Recorded information
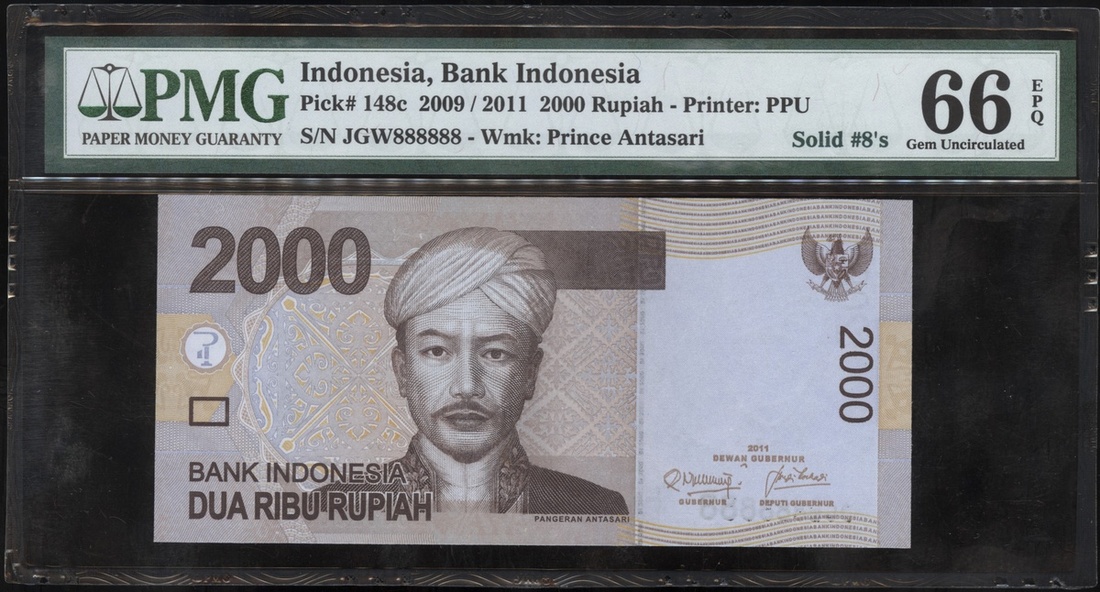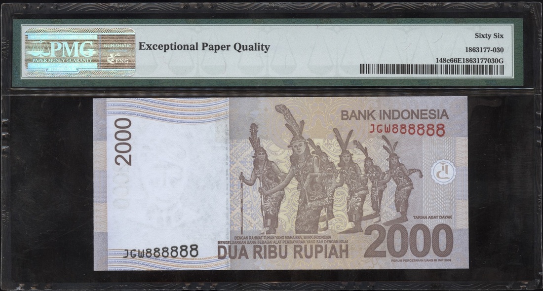 2009年印尼2000盾,編號JGW888888,PMG 66EPQ
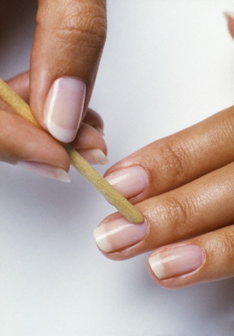 - Then we proceed to the removal of the cuticle. To do this, apply a special cosmetic gel, cream or oil of your choice to the cuticle. And leave for 1-3 minutes. After we push the cuticle from the nail plate using an orange stick. Also clean the cuticles from the cuticles.
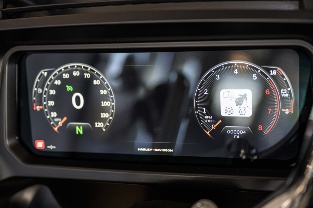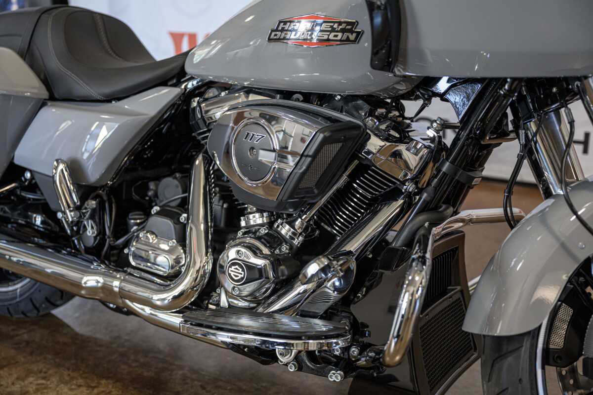 The Road Glide has an aerodynamic Sharknose fairing and a liquid-cooled Milwaukee-Eight 117 engine that produces 130 ft-lb of torque, while reduced weight makes handling more responsive. With customizable ride modes, Bluetooth connectivity, and a 12.3-inch touchscreen display, the Road Glide offers a refined mix of tech, style, and power.

Required work
The answer is the full listing above, repeated exactly, with its pictures removed.

Completed exercise
 2009年印尼2000盾,編號JGW888888,PMG 66EPQ
 - Then we proceed to the removal of the cuticle. To do this, apply a special cosmetic gel, cream or oil of your choice to the cuticle. And leave for 1-3 minutes. After we push the cuticle from the nail plate using an orange stick. Also clean the cuticles from the cuticles.
 The Road Glide has an aerodynamic Sharknose fairing and a liquid-cooled Milwaukee-Eight 117 engine that produces 130 ft-lb of torque, while reduced weight makes handling more responsive. With customizable ride modes, Bluetooth connectivity, and a 12.3-inch touchscreen display, the Road Glide offers a refined mix of tech, style, and power.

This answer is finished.